While the first sentence and entire first third of the poem communicate aching need or thirst, the latter two-thirds and last sentence fulfill that need by describing how a tree can survive even in a high-desert climate. For such trees, deep roots are especially critical, and the ones in the tree the speaker aspires to be are deep enough to create a “tunnel.” To me, this signals that much of what is happening in this deceptively simple poem lies below the surface.

We are not told but can guess that the speaker is not living in her childhood landscape and that the landscape of her childhood has been transformed (perhaps by climate change or overdevelopment) in some hostile way. Balancing all those images of privation and thirst are some really juicy and satisfying images of new life and potential (“inborn leaves” and “unborn life”). If you look at just the verbs or verb forms in the poem, most have positive, life-affirming connotations. On the one hand, “parched,” “wanted,” and “consumes” all communicate unsatisfied longing. On the other, we also have “drinking,” “sheltering,” “growing,” “contains,” “shelters,” and “healing” along with several instances of the verb (“to be”) that communicates ongoing existence and survival. If “To Be Held” is an ars poetica, perhaps the speaker is saying that despite difficult conditions—and maybe even because of them—art can still thrive.

By the end of the poem, I felt a sense of solace held in an overarching order that is severe but ultimately benevolent. There is a sense of wholeness, a sense that what we perceive as the bad is balanced by and maybe even somehow part of the good, with both forces operating in some larger order beyond our ken. In this context, the speaker is able to anticipate a “healing” following a storm and that storm as “our life.” This puts things in perspective—a human life, even all human life, is but a passing meteorological incident in the vastly larger frame of all weather and all time.

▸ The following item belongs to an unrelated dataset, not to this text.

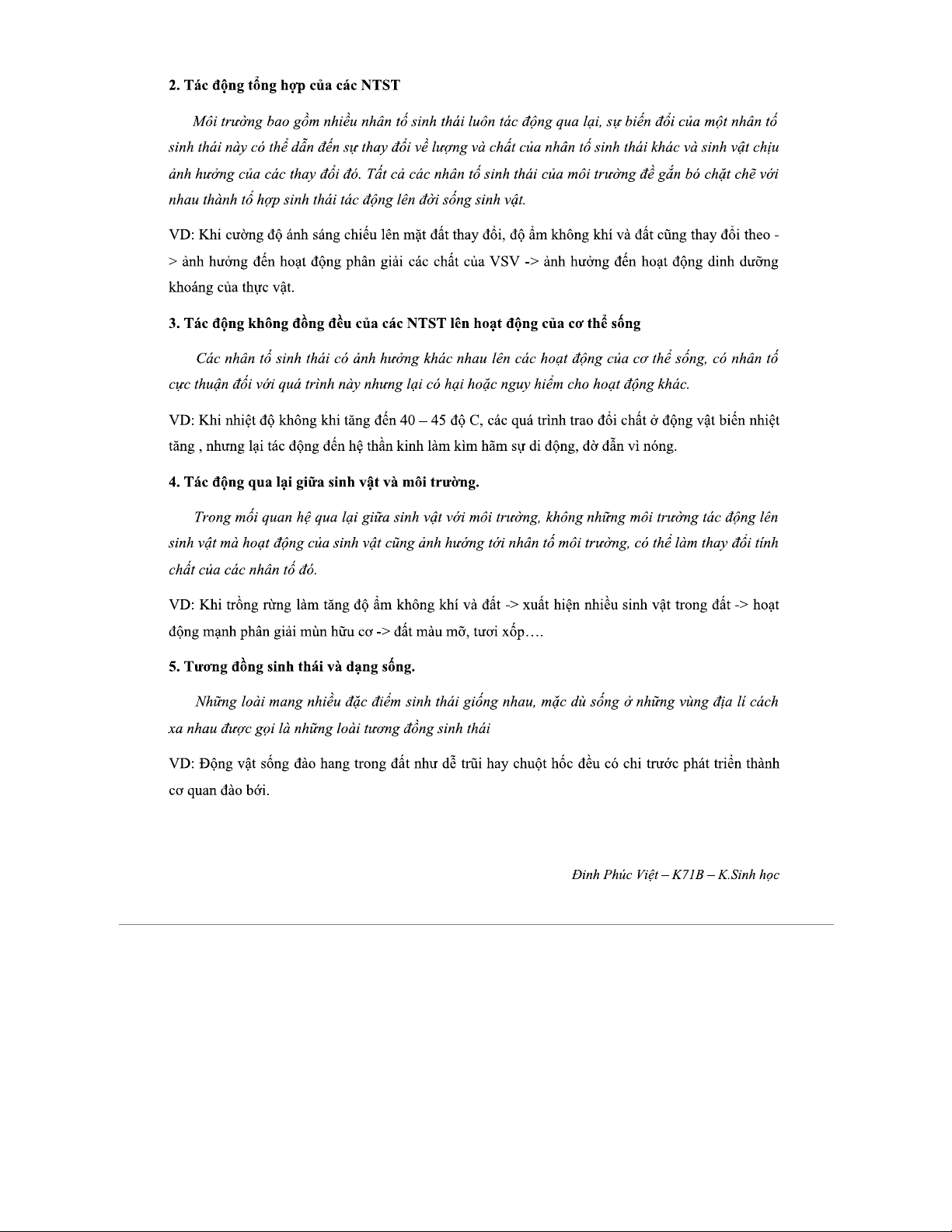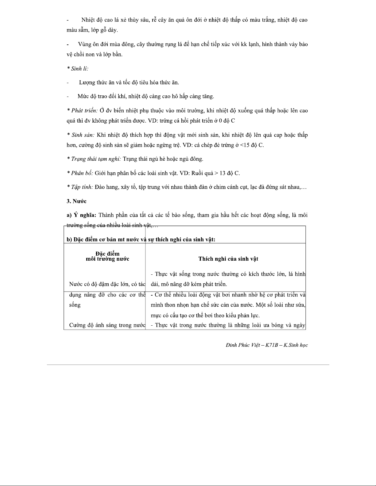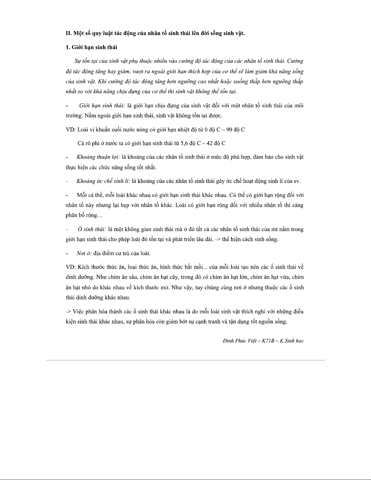 Đề cương Chi tiết về Nhân tố Sinh thái Học - Môn SINH THÁI HỌC

“To Be Held” falls within the pastoral tradition of a poet wandering in nature and finding inspiration there. In it, the speaker encounters a tree in her desert landscape that then becomes a springboard for a larger reflection about humanity, what Wordsworth called “the spontaneous overflow of powerful feelings” that “takes its origin from emotion recollected in tranquility.” It’s a lyrical poem, a potent expression of personal feeling at an instant in time. I appreciate “To Be Held” for its brevity and simplicity that nevertheless communicates a profound sense of comfort and renewal. I have read it many times during our confinement, especially before the weather changed, to remind myself again that there is still a spring and a future for our world and that it is still possible to make art in it.